In fact, I choose this Keto Avocado Toast over the native. That’s because of the cheesy and the cheese toast. Apart from being low in carbs, this Avocado Toast has a lot of fat. So, it consists of more calories.

Preparing the cheese toast is so easy. Just scatter some shredded cheese on a parchment-paper-lined microwavable plate. Then microwave on high for 2 minutes and let it cool down.

Per Serving:

  • Calories: 706
  • Fats: 57g
  • Protein: 38g
  • Carbs: 14g
  • Fiber: 9g
  • Sugar: 1g

Conclusion

The pre, mid, and post-workout windows are critical for gaining muscle mass, but breakfast keeps you on the fast track to Hypertophytown. These 1000 calorie breakfast options, which I discussed above, are super delicious, healthy, and easy to prepare.

 One who is fond of building muscle or gaining weight must try these delicious breakfast recipes, which are under 1000 calories. It keeps you fuller and supplies vital nutrients that are beneficial for bodybuilding and gaining weight.

Just give a few of these quick and easy recipes a try and notice why your Grandma always suggested to you that breakfast is the most important meal of the day.

Disclaimer

This article is purposive for intended general information and does not mark individual circumstances. It is not an alternative to professional advice or help. It should not be relied on to make decisions of any kind. A licensed physician must be consulted to diagnose and treat any medical condition. Any action you take due to the information on this page is entirely at your own risk and responsibility!

People Also Ask (FAQs)

Question 1. What is a 700-calorie breakfast?

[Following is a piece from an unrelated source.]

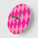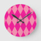 Light and Dark Pink Harlequin Diamonds Checkers Round Clock

Answer: A 700-calorie breakfast is a big, nutritious breakfast unless you dine or purchase it from a restaurant.

Question 2. What is a 400-calorie breakfast?

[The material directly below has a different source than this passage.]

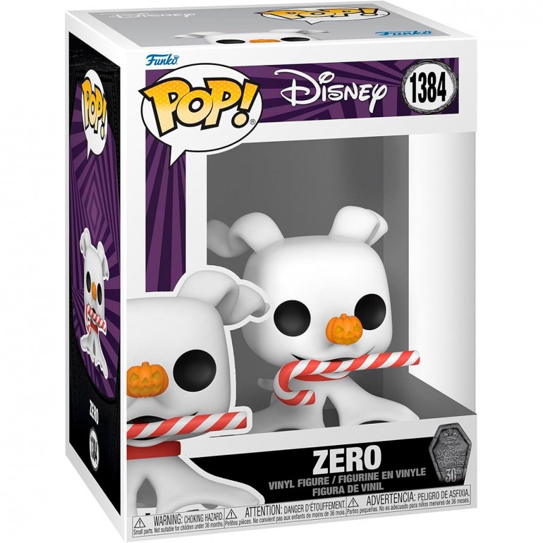 funko pop! figure depicts zero, the ghost dog from "Nightmare Before Christmas" wearing a special costume with a candy cane to celebrate the 30th anniversary of the movie.Size approximately 6.5 cm.

Answer: 400-calorie breakfast consists of the following options:
Poached eggs with smashed avocado & tomatoes
Prawn & egg on toast
Air fryer bacon
Peanut butter overnight oats
Pink barley porridge with vanilla yogurt
Black beans & avocado on toast
Green shakshuka
Summer porridge

Question 3. What meals are under 1000 calories?

Answer: A 100-calorie meal is broken into different meals throughout the whole day. It includes mid-morning- 1 apple and 2 walnuts. lunch- 1 Katori dal, 1 Katori paneer bhurji, and 1 chapati, Snack- 1 cup green tea, 2 almonds, dinner- 1 Katori vegetable macaroni.

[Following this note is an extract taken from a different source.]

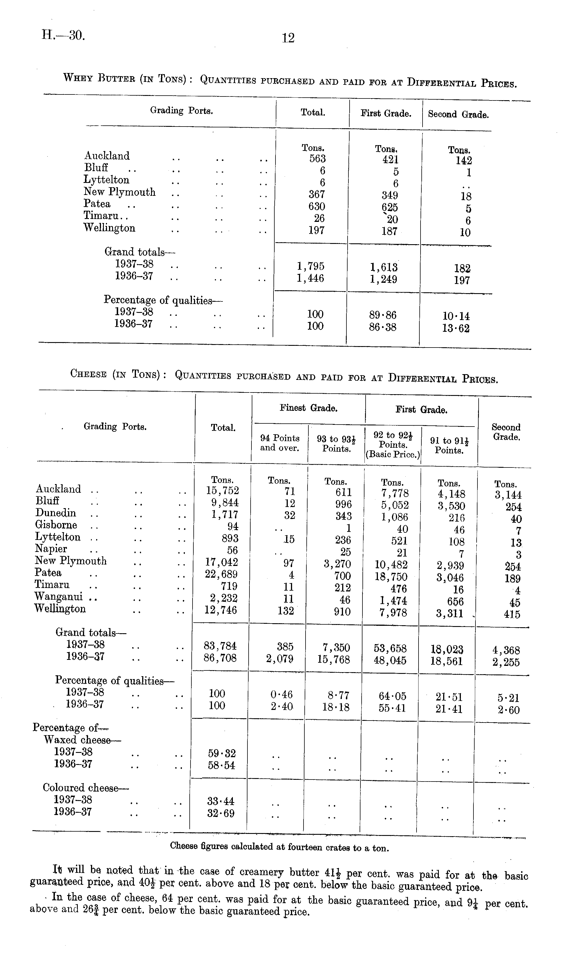 Grading Ports. Total. First Grade. Second Grade. Tons. Tons. Tons. Auckland .. .. .. 563 421 142 Bluff 6 5 1 Lyttelton .. . . . . g g New Plymouth .. . . .. 367 349 18 Pat ea .. .. . . .. 630 625 5 Timaru.. .. .. .. 26 6 Wellington .. .. 197 187 10 Grand totals— 1937-38 .. .. 1,795 1,613 182 1936-37 .. .. .. l ; 446 1 j 249 197 Percentage of qualities— 1937-38 .. .. .. 100 89-86 10-14 1936-37 .. .. 100 86-38 13-62

Question 4. What is a good protein breakfast?

Answer: A good protein breakfast comprises the following options:
Mocha banana protein smoothie bowl
Jumbo chickpea pancake
Grain-free banana protein pancakes
Freezer-friendly spinach feta breakfast wraps
Breakfast BLT salad
Chickpea scramble breakfast bowl

Question 5. Is it better to eat a big breakfast or dinner?

Answer: Individuals who consume a big breakfast burn twice as many calories as those who consume a larger dinner.

Question 6. Is a 500-calorie breakfast too much?

Answer: If weight loss is your goal, eating 300 to 500 calories for breakfast is suggested.

Question 7. How much is too much for breakfast?

Answer:  An average daily consumption at breakfast is 500 calories and above; it is not suitable for everyone.

Question 8. Are 900 calories for breakfast too much?

Answer: Yes, 900 calories are too much; many people don’t require more than 500 calories.